→ **Your assignment**
Return the data below unchanged. Drop any pictures.

——————

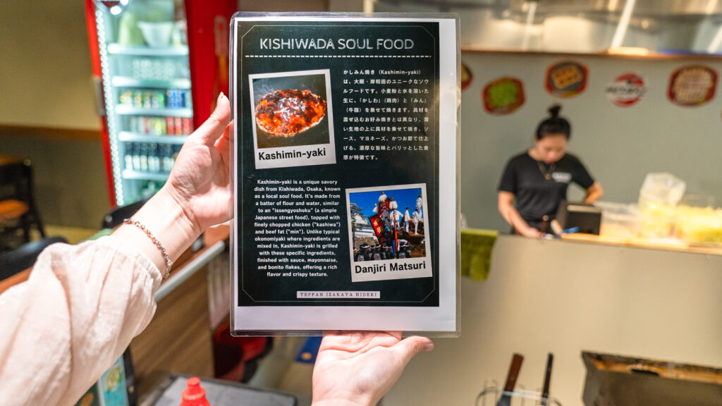 同店の最大の魅力は、大阪府岸和田市のローカルフードを忠実に再現している点です。 岸和田といえば、豪快なだんじり祭りに象徴されるエネルギッシュな街。その文化とともに育まれてきたのが、鉄板を囲みながら楽しむ庶民的な料理です。
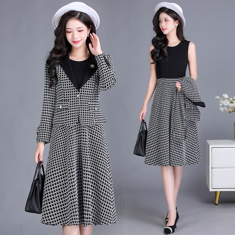 现货速发格子小西服套装连衣裙2025春秋新款气质复古名媛风减龄套
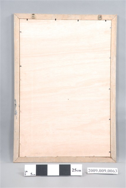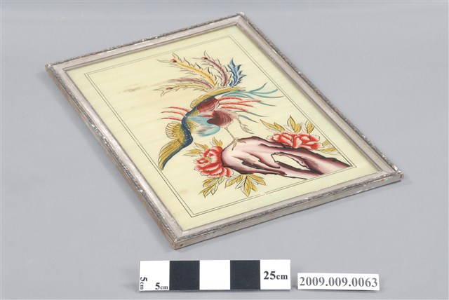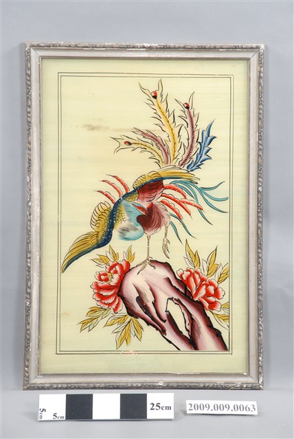 1.本件玻璃畫係以銀色畫框與玻璃畫組合而成,畫面貼上銀箔作為背景底色,畫中主角鳳凰立於石上,兩側並繪有2株牡丹花。鳳凰及牡丹傳統認為其為鳥中之王及花中之王,有富貴之意,牡丹與石頭之組合也常用於富貴紋,本作帶有長命富貴之寓意。2.玻璃畫是以顏料在玻璃的背面作晝,畫法可採國畫、油畫、水粉畫等多種繪畫技法,表現山川風光、民俗故事、佛名聖事、名勝古跡、鳥獸魚蟲、奇花異草等內容,1950及60年代在臺灣常用來祝賀婚慶、入厝、祝壽及開幕誌喜等。
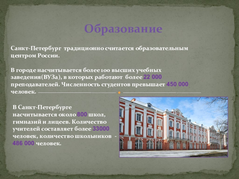 В Санкт-Петербурге насчитывается около 800 школ, гимназий и лицеев. Количество учителей составляет более 33000 человек, количество школьников - 486 000 человек.
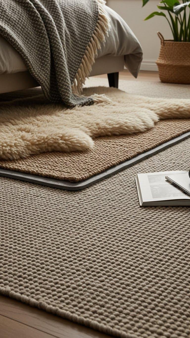 By layering rugs you’ll carve the room into purposeful pockets while adding tactile warmth underfoot; start with a large, low-pile foundation rug in a neutral weave, then place a smaller, textured rug—sheepskin, jute, or a soft wool—under the bed or seating to signal the sleeping zone and soften footsteps.
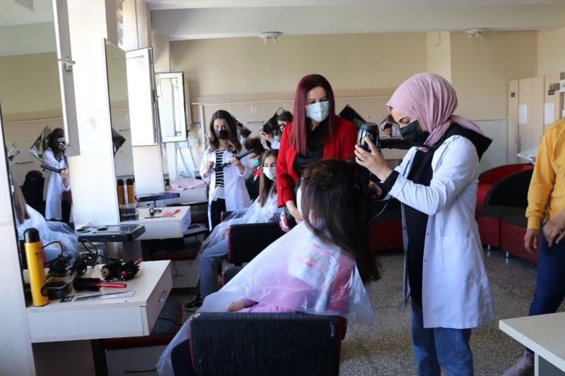 Siirt Valisi Hacıbektaşoğlu’nun eşi Güney Hacıbektaşoğlu, Zeynep Hatun Mesleki ve Teknik Anadolu Lisesi bünyesinde başlatılan ’Meslek Liseleri Ailelerle Buluşuyor Projesi’ kapsamında okulun güzellik bölümü öğrencileri tarafından, farklı okullarda okuyan özel eğitim öğrencilerinin saç ve temel bakımları etkinliğine katıldı. Burada öğrencilerle sohbet eden Hacıbektaşoğlu, öğrencilere çeşitli hediyeler takdim etti.
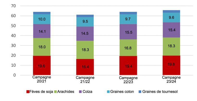 Le volume de soja concassé devrait s'élever à 95 millions de tonnes au cours de la campagne 23/24, contre une estimation de 94 millions de tonnes au cours de la campagne 22/23. L'utilisation totale de tourteaux protéiques pour l'alimentation animale devrait augmenter de 1,4 % au cours de l'exercice 23/24, en glissement annuel, pour atteindre 98,1 Mt.
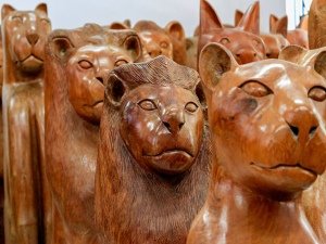 Exposição traz esculturas de animais feitas em troncos de madeira
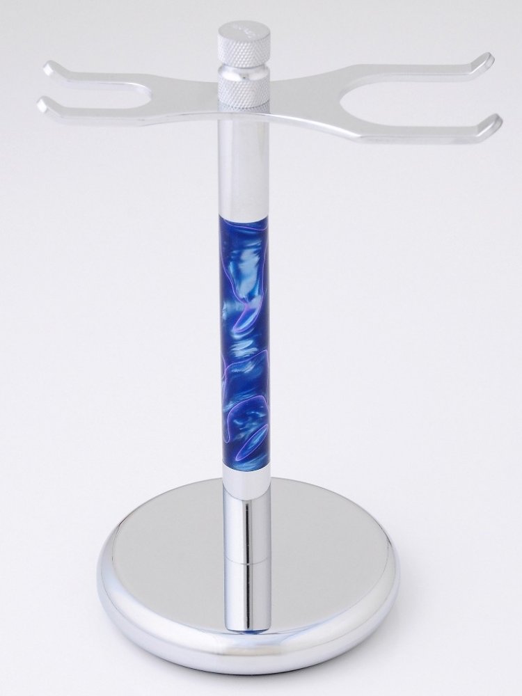 Kvalitní kovový stojánek na štětku na holení a holicí strojek. Štětka na holení by měla po použití vysychat štětinami dolů. Tím zabraníme hromadění vody v rukojeti, což může způsobit deformaci štětin.
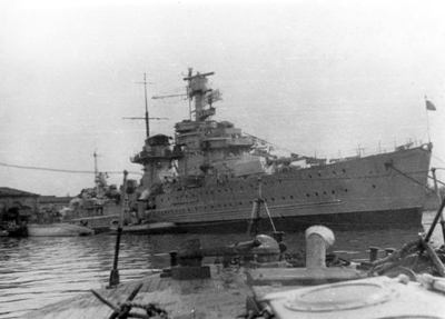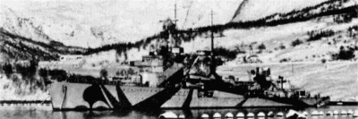 Во время пребывания на Балтике в 1941 корабль нёс т. н. "балтийский" камуфляж с белыми и чёрными косыми полосами. Горизонтальные поверхности оставались без изменений.
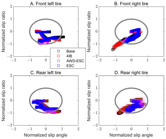 As shown in the figure, the trajectories of the four controllers were basically identical except from the slight deviation of the ‘Base’ controller, which indicated the excessive slip motion of the tires in ‘Base’ controller, as can be seen in Table 5. On the other hand, Figure 16d shows the longitudinal acceleration of the four controllers, in which the one of the proposed controller was evidently larger than that of the other controllers, and similar observations could also be made in the result of the lateral acceleration, as shown in Figure 16e. Larger longitudinal and lateral accelerations allow for a larger overall longitudinal velocity, which implies a capability of decelerating later in cornering and accelerating faster in straight-line driving. This implication can be demonstrated by the overall lap time listed in Table 5, which was as near as 3.8% of reduced lap time when using the proposed controller, and it can be easily observed compared with that of the ‘AWD’ system.
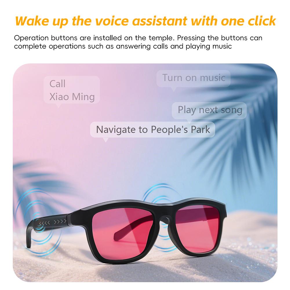 The Bluetooth glasses integrate multiple functions such as AI translation, calls, music playback, voice assistants, and remote photo taking, making them great helpers for outdoor sports and travel.
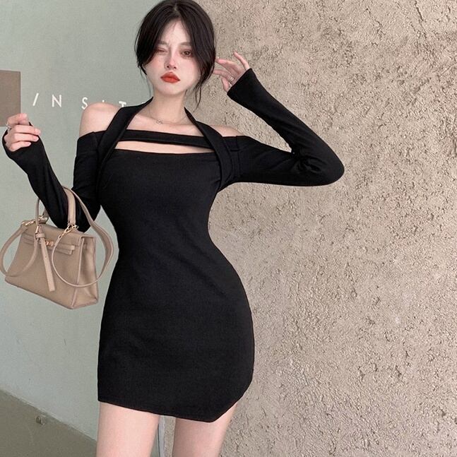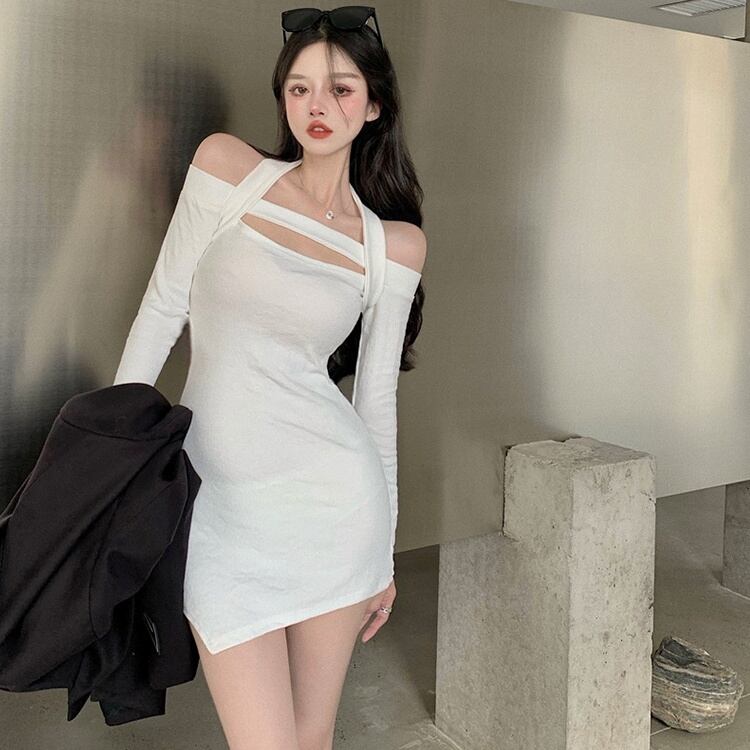 【送料無料】 ワンピ ワンピドレス キャバドレス ドレス レディース 長袖 オフショル ホルターネック ミニ丈 セクシー タイト キャバ 夜 肌見せ 小悪魔 甘辛 キュート ガーリー かわいい 大人可愛い きれいめ 大人 シンプル おしゃれ お洒落 レトロ 大人女子 個性的 主役級 存在感 女性用 OL 学生 デート お出かけ 女子会 パーティ 休日 韓国 韓国系 オルチャン ファッション ホワイト 白 ブラック 黒 ブルー 青 水色 10代 20代 ワンサイズ コーデ スタイル プチプラ db2147
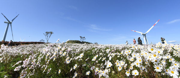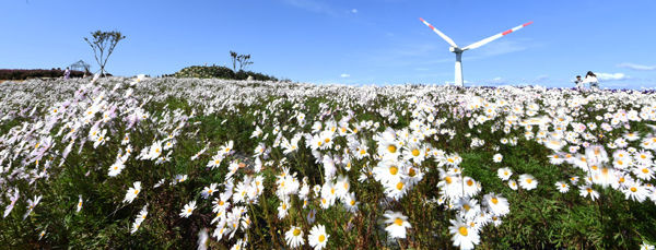 오늘 오후 경남 거창군 남상면 감악산 정상부근에 만개한 구절초가 가을바람에 살랑거리고 있다.
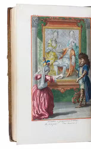 With generous margins and many deckles intact. In very good condition, with only occasional very minor spotting and a water stain in one of the blank guard leaves protecting the coloured plates. Corners bumped and back board rubbed. Desirable, extra-illustrated Dutch Beauty and the beast, incorporating lavishly coloured Dutch and French plates. Van Aken, Cat. Ned. Toneel II, p. 351 (mentioning only a title vignette); Moderne Encyclopedie van de Wereldliteratuur, vol. 7, p. 239; STCN (8 copies, only 3 with engr. title).

——————

→ **Answer to the exercise**
 同店の最大の魅力は、大阪府岸和田市のローカルフードを忠実に再現している点です。 岸和田といえば、豪快なだんじり祭りに象徴されるエネルギッシュな街。その文化とともに育まれてきたのが、鉄板を囲みながら楽しむ庶民的な料理です。
 现货速发格子小西服套装连衣裙2025春秋新款气质复古名媛风减龄套
 1.本件玻璃畫係以銀色畫框與玻璃畫組合而成,畫面貼上銀箔作為背景底色,畫中主角鳳凰立於石上,兩側並繪有2株牡丹花。鳳凰及牡丹傳統認為其為鳥中之王及花中之王,有富貴之意,牡丹與石頭之組合也常用於富貴紋,本作帶有長命富貴之寓意。2.玻璃畫是以顏料在玻璃的背面作晝,畫法可採國畫、油畫、水粉畫等多種繪畫技法,表現山川風光、民俗故事、佛名聖事、名勝古跡、鳥獸魚蟲、奇花異草等內容,1950及60年代在臺灣常用來祝賀婚慶、入厝、祝壽及開幕誌喜等。
 В Санкт-Петербурге насчитывается около 800 школ, гимназий и лицеев. Количество учителей составляет более 33000 человек, количество школьников - 486 000 человек.
 By layering rugs you’ll carve the room into purposeful pockets while adding tactile warmth underfoot; start with a large, low-pile foundation rug in a neutral weave, then place a smaller, textured rug—sheepskin, jute, or a soft wool—under the bed or seating to signal the sleeping zone and soften footsteps.
 Siirt Valisi Hacıbektaşoğlu’nun eşi Güney Hacıbektaşoğlu, Zeynep Hatun Mesleki ve Teknik Anadolu Lisesi bünyesinde başlatılan ’Meslek Liseleri Ailelerle Buluşuyor Projesi’ kapsamında okulun güzellik bölümü öğrencileri tarafından, farklı okullarda okuyan özel eğitim öğrencilerinin saç ve temel bakımları etkinliğine katıldı. Burada öğrencilerle sohbet eden Hacıbektaşoğlu, öğrencilere çeşitli hediyeler takdim etti.
 Le volume de soja concassé devrait s'élever à 95 millions de tonnes au cours de la campagne 23/24, contre une estimation de 94 millions de tonnes au cours de la campagne 22/23. L'utilisation totale de tourteaux protéiques pour l'alimentation animale devrait augmenter de 1,4 % au cours de l'exercice 23/24, en glissement annuel, pour atteindre 98,1 Mt.
 Exposição traz esculturas de animais feitas em troncos de madeira
 Kvalitní kovový stojánek na štětku na holení a holicí strojek. Štětka na holení by měla po použití vysychat štětinami dolů. Tím zabraníme hromadění vody v rukojeti, což může způsobit deformaci štětin.
 Во время пребывания на Балтике в 1941 корабль нёс т. н. "балтийский" камуфляж с белыми и чёрными косыми полосами. Горизонтальные поверхности оставались без изменений.
 As shown in the figure, the trajectories of the four controllers were basically identical except from the slight deviation of the ‘Base’ controller, which indicated the excessive slip motion of the tires in ‘Base’ controller, as can be seen in Table 5. On the other hand, Figure 16d shows the longitudinal acceleration of the four controllers, in which the one of the proposed controller was evidently larger than that of the other controllers, and similar observations could also be made in the result of the lateral acceleration, as shown in Figure 16e. Larger longitudinal and lateral accelerations allow for a larger overall longitudinal velocity, which implies a capability of decelerating later in cornering and accelerating faster in straight-line driving. This implication can be demonstrated by the overall lap time listed in Table 5, which was as near as 3.8% of reduced lap time when using the proposed controller, and it can be easily observed compared with that of the ‘AWD’ system.
 The Bluetooth glasses integrate multiple functions such as AI translation, calls, music playback, voice assistants, and remote photo taking, making them great helpers for outdoor sports and travel.
 【送料無料】 ワンピ ワンピドレス キャバドレス ドレス レディース 長袖 オフショル ホルターネック ミニ丈 セクシー タイト キャバ 夜 肌見せ 小悪魔 甘辛 キュート ガーリー かわいい 大人可愛い きれいめ 大人 シンプル おしゃれ お洒落 レトロ 大人女子 個性的 主役級 存在感 女性用 OL 学生 デート お出かけ 女子会 パーティ 休日 韓国 韓国系 オルチャン ファッション ホワイト 白 ブラック 黒 ブルー 青 水色 10代 20代 ワンサイズ コーデ スタイル プチプラ db2147
 오늘 오후 경남 거창군 남상면 감악산 정상부근에 만개한 구절초가 가을바람에 살랑거리고 있다.
 With generous margins and many deckles intact. In very good condition, with only occasional very minor spotting and a water stain in one of the blank guard leaves protecting the coloured plates. Corners bumped and back board rubbed. Desirable, extra-illustrated Dutch Beauty and the beast, incorporating lavishly coloured Dutch and French plates. Van Aken, Cat. Ned. Toneel II, p. 351 (mentioning only a title vignette); Moderne Encyclopedie van de Wereldliteratuur, vol. 7, p. 239; STCN (8 copies, only 3 with engr. title).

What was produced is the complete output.